*** Begin section ***

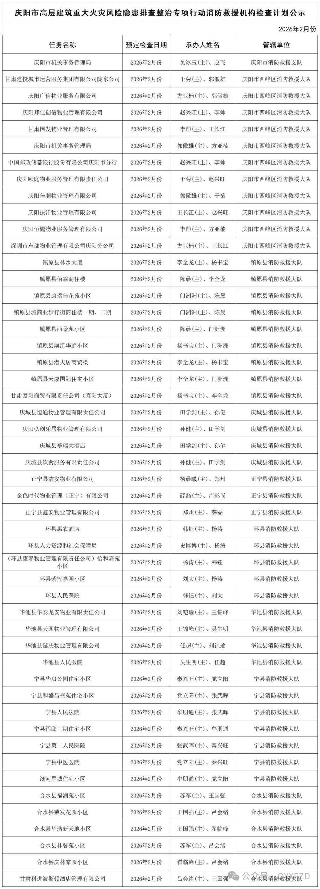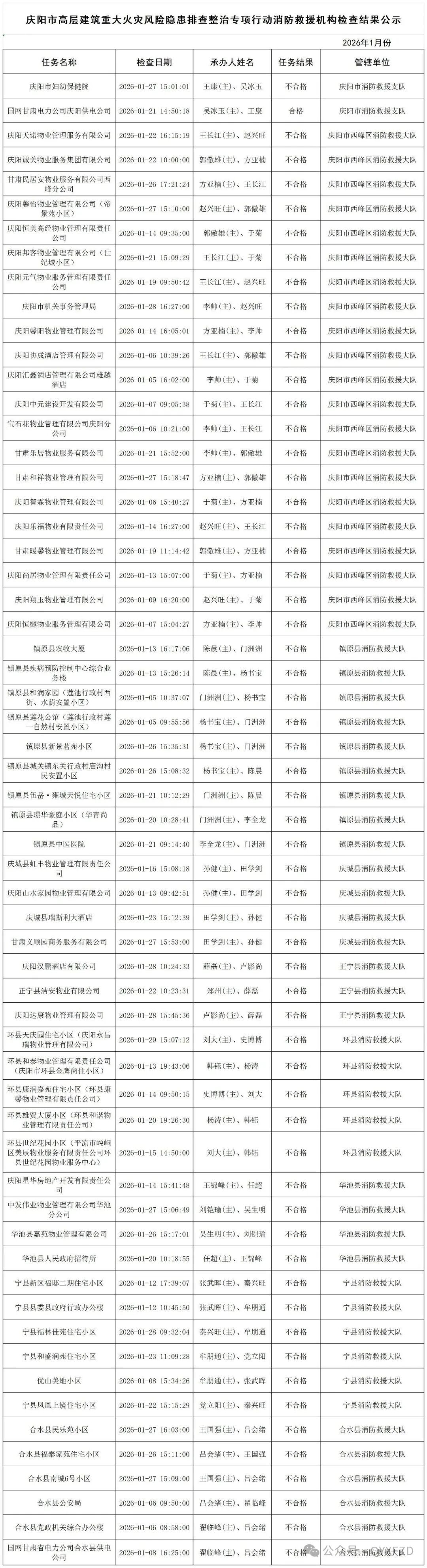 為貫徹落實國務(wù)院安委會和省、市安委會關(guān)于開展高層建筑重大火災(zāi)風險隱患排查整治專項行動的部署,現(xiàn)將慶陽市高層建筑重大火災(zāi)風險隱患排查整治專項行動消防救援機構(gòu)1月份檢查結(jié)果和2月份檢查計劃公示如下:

*** End section ***
*** Begin section ***

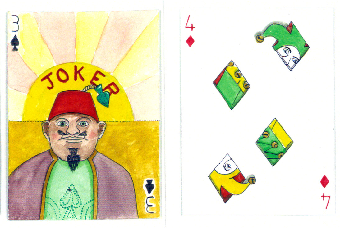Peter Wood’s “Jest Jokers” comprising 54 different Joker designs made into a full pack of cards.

*** End section ***
*** Begin section ***

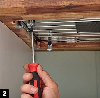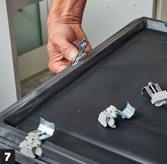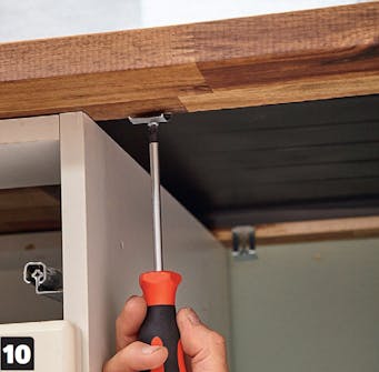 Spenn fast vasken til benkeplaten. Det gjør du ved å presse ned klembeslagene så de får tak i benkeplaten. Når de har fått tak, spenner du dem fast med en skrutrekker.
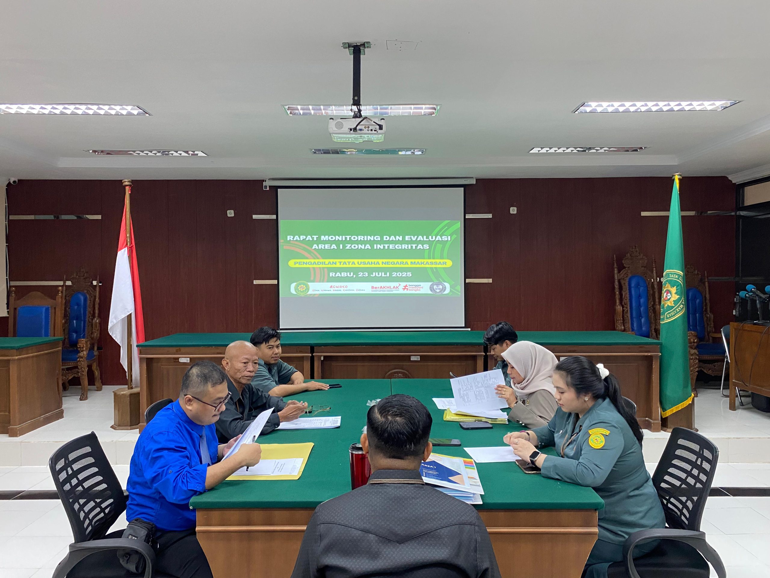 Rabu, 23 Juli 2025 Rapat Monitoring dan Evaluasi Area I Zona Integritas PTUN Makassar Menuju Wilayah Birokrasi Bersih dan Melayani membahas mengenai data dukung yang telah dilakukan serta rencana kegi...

*** End section ***

WORK ITEM
Using the entries above, repeat exactly the lines from the one with "Spenn fast vasken" to the one with "Rabu, 23 Juli", both included, and leave the pictures behind.

EXPECTED ANSWER
 Spenn fast vasken til benkeplaten. Det gjør du ved å presse ned klembeslagene så de får tak i benkeplaten. Når de har fått tak, spenner du dem fast med en skrutrekker.
 Rabu, 23 Juli 2025 Rapat Monitoring dan Evaluasi Area I Zona Integritas PTUN Makassar Menuju Wilayah Birokrasi Bersih dan Melayani membahas mengenai data dukung yang telah dilakukan serta rencana kegi...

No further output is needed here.